Three young faces turned their expectant gazes toward him.
“What kind of game?” asked Bryn.
An unlooked-for spark of hope kindled in the black ashes of Con’s fancy. Each new idea that blew through his thoughts, coaxed it to burn hotter and brighter.
“We’ll pit two teams against one another to see who can fetch water the fastest.” He hoped his enthusiasm would communicate itself to the children. “Bryn and Myfanwy against Davy and me. What do you say?”
Davy’s small nose wrinkled. “It sounds a queer sort of game to me.”
“It might be good fun all the same.” Bryn shot Con a probing glance, as though he guessed this was more than a game, but could not fathom what.
“Go!” Myfanwy snatched a wooden bucket from the floor and sprinted off to the well.
The boys ran after her, and Pwyll scampered behind them barking like mad.
“Hurry, Con!” Davy called back over
his shoulder.
“Coming.” Con swept one more glance around the washhouse as he hefted a bucket.
Perhaps he stood a chance with Enid tonight after all…however slender.
Chapter Fifteen
If Con ap Ifan thought he stood a chance with her tonight, the man was fooling himself! That grim conviction ran through Enid’s mind as she poured mead for Lord Macsen and his men prior to the evening meal.

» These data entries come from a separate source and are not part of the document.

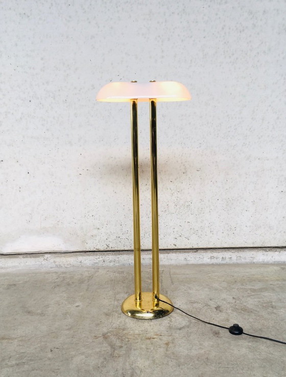 Vintage Midcentury Modern Design Stehlampe / Vloer Lampe im Hollywood Regency Stil von Vibia, Spanien, 1970er Jahre. Messingsockel mit weißem Glasschirm. Alles original und in gutem Zustand. 114 cm x 45,5 cm x 19 cm.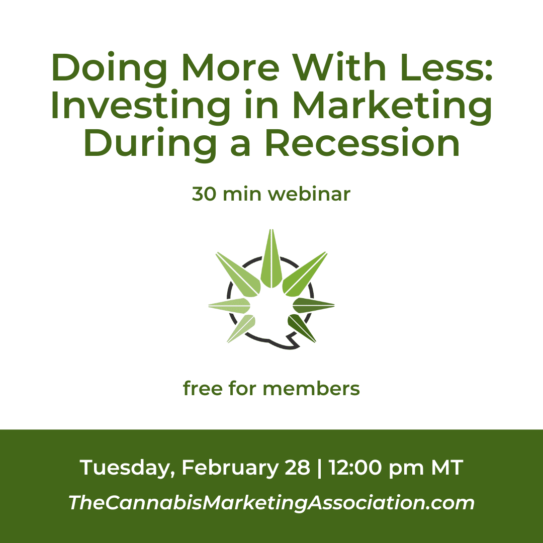 Join Cannabis Marketing Association at 12:00 pm MT on February 28 for “Doing More With Less: Investing in Marketing During a Recession”, moderated by CMA Founder & CEO, Lisa Buffo.
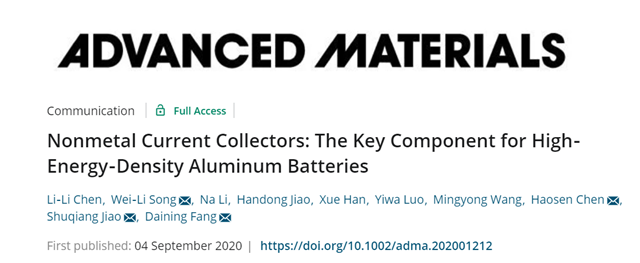 9月4日,国际顶级材料期刊《先进材料》 Adv. Mater. 2020, 2001212(期刊IF="27.398)以“Nonmetal current collectors: the key component for high energy density aluminum batteries”为题在线报道了安博官方网站先进结构技术研究院方岱宁院士与宋维力团队在非金属铝离子电池集流体的设计及应用方面的进展。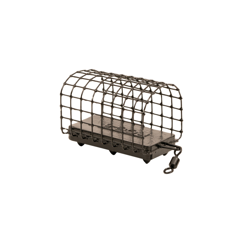 K rybolovu v tekoucích vodách jsou potřebné košíky s extra olověnou zátěží, podobně jako tento M6 košík. Na dně umístěné, třeba i 100gramové olovo stabilně drží náš košík i ve větším proudění. Na spodní straně olověné desky jsou malé výstupky, které ještě zvyšují stabilitu. Drátování je adekvátně tenké! Proč? Proudění se do něho zapře méně, krmná směs se snadněji rozpustí. Výsledkem je rychlejší rybolov a více ryb na krmném místě.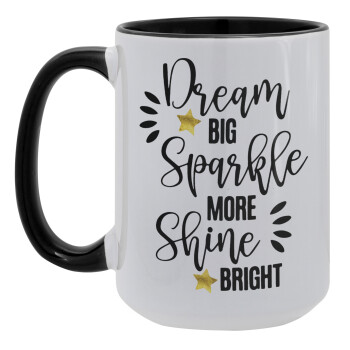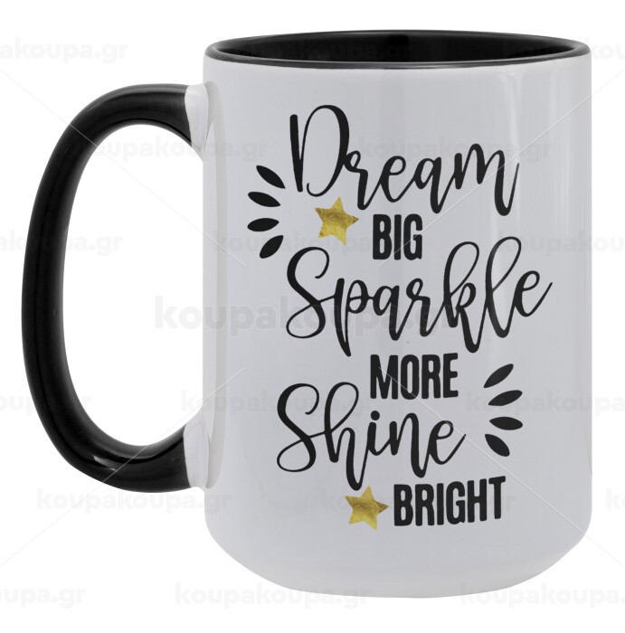 Dream big, Sparkle more, Shine bright, Κούπα Mega 15oz, κεραμική Μαύρη, 450ml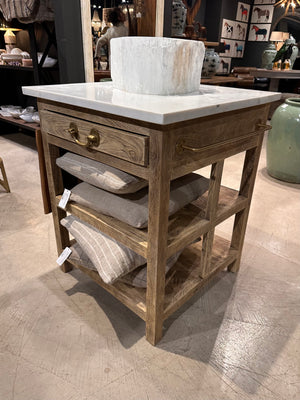 Open-concept kitchens and dining spaces will find great utility with the Newport Islands. Crafted from bleached mango wood that features deep, open shelves and drawers, the Newport Island is accented in brass hardware, including four hooks on one side and a towel rack on the other. Finishing this generational piece is a white Banswara marble top. Available in Small and Large.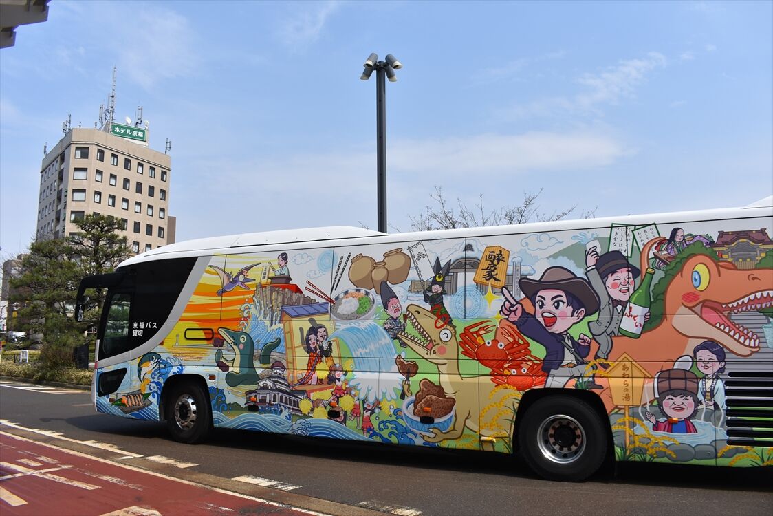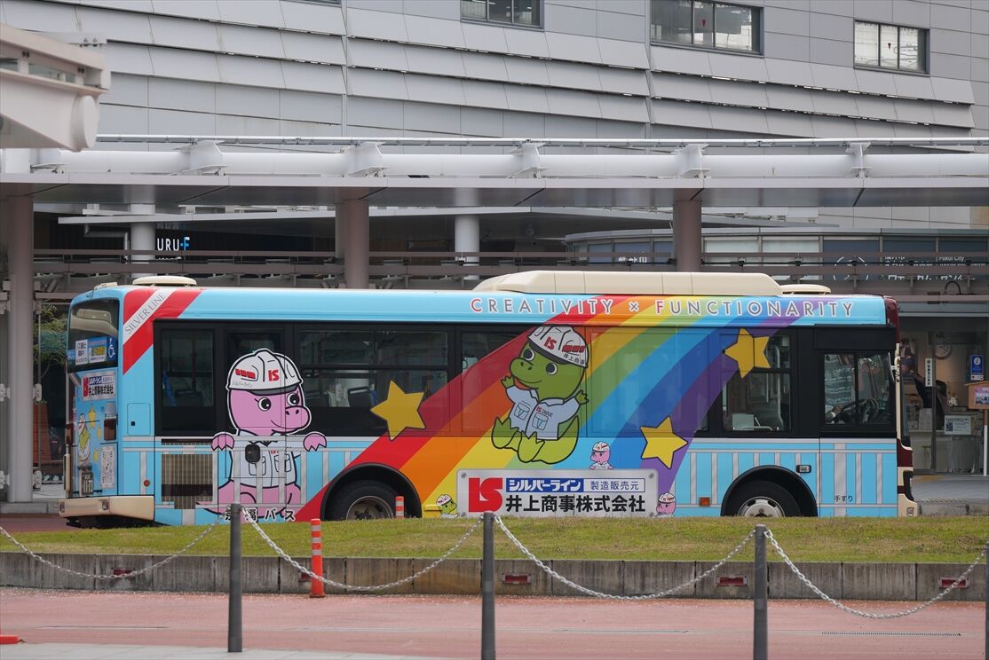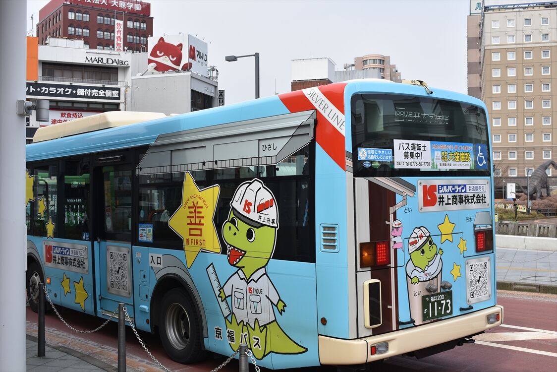 2025年05月25日 井上商事(京福バス) カテゴリ:北陸 ラッピング車 by wrpgu 福井で見かけた、井上商事のラッピングバス すごくカラフルで、左側の「ひさし」はなんかリアルな雰囲気 (2025/3)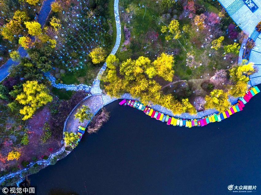 2017年11月10日,航拍初冬的濟南東部彩虹湖公園,遍地金黃,景色怡人,樹木、游船與湖波交相輝映、五彩斑斕,美如畫作。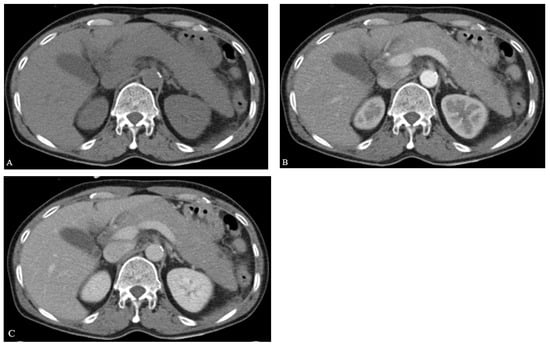 Pancreas finding during chemotherapy. Diffuse pancreas swelling was observed: (A) non-enhanced phase (B) arterial enhanced phase (C) venous enhanced phase.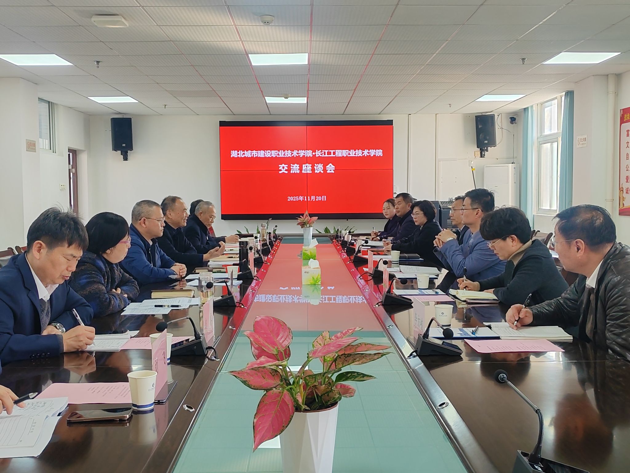 11月20日,湖北城市建设职业技术学院党委书记、校长董文斌一行来校交流,党委书记马大奎,党委副书记、校长杨道远,党委委员、副校长刘文胜,驻校纪检监察组组长、党委委员、纪委书记刘合强热情接待了客人。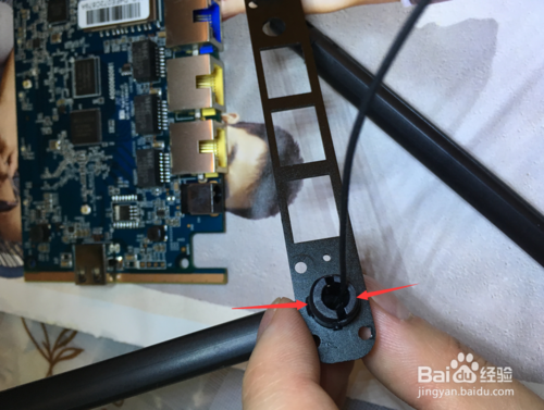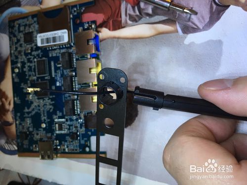 把挡板靠近路由板子,连接ipx接头,要对准用力压一下,有“啪”的声音就紧了。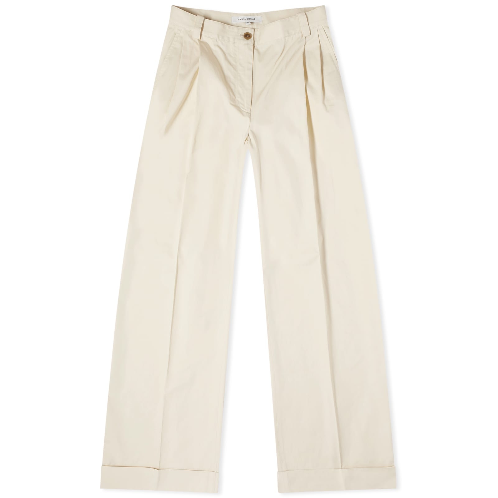 Maison Kitsuné blends Parisian elegance with Tokyo street style. These double pleat pants, designed for a loose fit and finished with Maison Kitsuné handwriting embroidery under the back pocket, effortlessly marry style and comfort. - 100% Cotton - Loose Fit - Double Pleats - Belt Loops - Zip Fly & Button Closure - 2 Side Pockets - Flap Back Pocket - Embroidered Branding - Machine Wash 40°C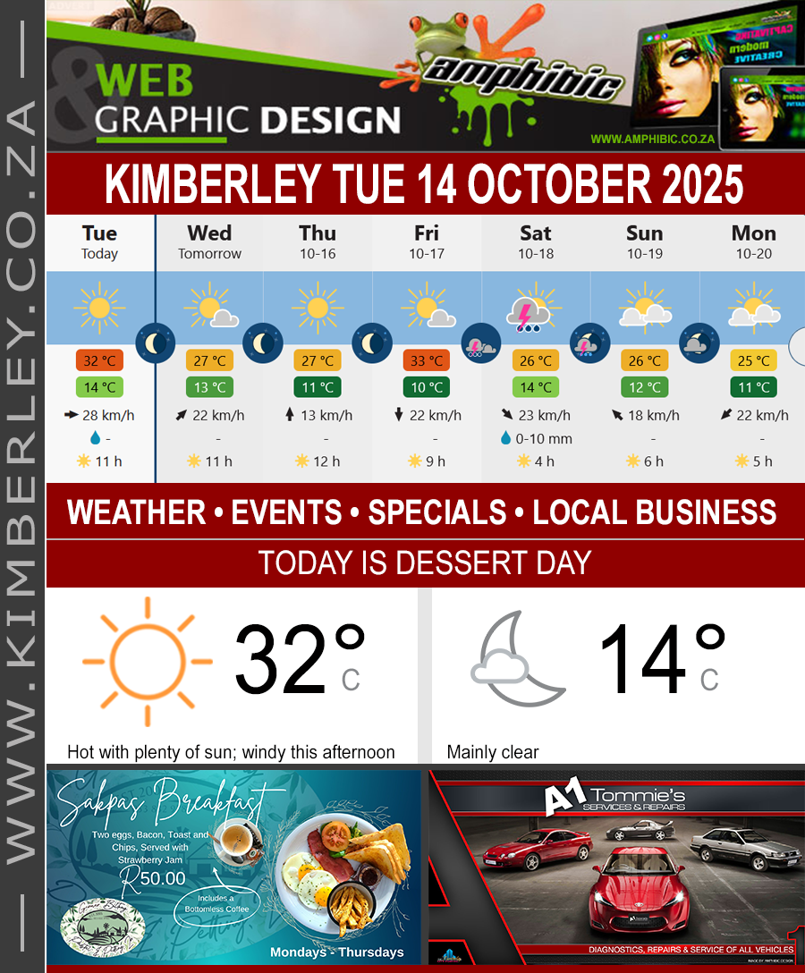 Today in Kimberley South Africa - Weather News Events 2025/10/14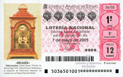 Reloj bracket. Daniel Quare. Primer mitad del siglo XVIII. Estilo Rococó. Pertenece a la colección de Patrimonio Nacional. Se conserva en el Palacio Real de Madrid. Relojes, 7 de mayo de 2005 |

True, Con still made her burn for him the way she had as a girl. But she was many years past girlhood, with many scars on her heart to prove it. Both the oldest and the most recent of those wounds had been inflicted by the same arrogant fellow who believed himself capable of seducing her before the sun rose tomorrow morning.
Let him try!
Lord Macsen took a deep draft of the amber liquid in his cup, then nodded in approval. After another drink, he glanced around the crowded hall.
“Will our bard honor us with his presence tonight?” One full, black brow rose and the dark eyes beneath seemed to pierce Enid’s placid surface, to the turbulent depths beneath. “Good mead and good music go together…like a well-matched bride and groom. Who knows but the drink may even put my feet in a humor for dancing?”
“No doubt he’ll turn up when the fancy takes him, my lord.” Enid struggled to maintain a tone of cheerful indifference to Con’s comings and goings. “I’ve never known him to miss a meal if he could help it. We won’t wait the feast on him, that’s certain.”
Where had Con got to and what was he up to? A welcome sense of annoyance nagged at Enid. She added it to the stout bastion of suspicion, fear and old festering grievances already ranged around her heart. She knew Con and herself well enough to realize she’d need every possible defense tonight against the battering ram of his charm.
Fortunately she’d have time as her ally, for it always favored the patient…or the stubborn.
As she threaded her way through the crowded hall, dispensing the mead with a liberal hand, Enid gradually noticed an absence that bothered her far more than Con’s.